Por: Dante Infantino.
Sin cancha, sin arco y hasta a veces sin pelota, el fútbol parecía ser el único recreo que Daniel Omar Luque tenía, pero no un recreo de la primaria o de la secundaria, sino de las arduas jornadas en el campo al que le dedicó casi toda su vida.
Oriundo de la localidad de San Luis del Palmar, Corrientes, “Dani” pasó ahí sus primeros años, hasta que la pérdida de su padre puso patas para arriba su vida y la de sus hermanos. En aquel entonces (cuando eran ‘’pobres, tristes y sin un peso’’ como recuerda su hermana María) su madre, Gabina, sabiendo que no iba a poder darle a su hijo la vida que merecía, decidió dejarlo con su tía. Mientras tanto, ella y su hija mayor probarían suerte en Buenos Aires.
Fue allí, en las desoladas tierras de Saladas, donde Daniel conoció las labores con el trigo y el maíz.
Día tras día, cosecha tras cosecha y siembra tras siembra, fue marcando su personalidad. “Un chico de campo, inocente pero picarón, tranquilo pero bromista, comprensivo pero terco. Dual como cualquier pibe en esos años”, lo describen sus hermanos.

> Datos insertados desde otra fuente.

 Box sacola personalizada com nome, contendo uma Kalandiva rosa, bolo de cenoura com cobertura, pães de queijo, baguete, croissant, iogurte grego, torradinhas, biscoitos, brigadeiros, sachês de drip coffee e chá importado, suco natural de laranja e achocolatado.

No fue sino hasta los diecinueve que, por primera vez, tuvo la oportunidad de viajar. Lo esperaba la guerra y el destino terrible que comparte con más de 600 argentinos. El frío austral de las islas debió ser terrible, más para Daniel que nunca había experimentado algo semejante, o al menos así lo supone su familia, que nunca pudo comunicarse.
Sin saber leer o escribir, Daniel embarcó a las Islas Malvinas el 15 de abril de 1982. Su madre y sus hermanos, aún en Buenos Aires, se enteraron varias semanas después. Su tía, ‘’la Blanca’’, lo despidió muy triste, pero con la falsa promesa de que serían tan solo por unos meses.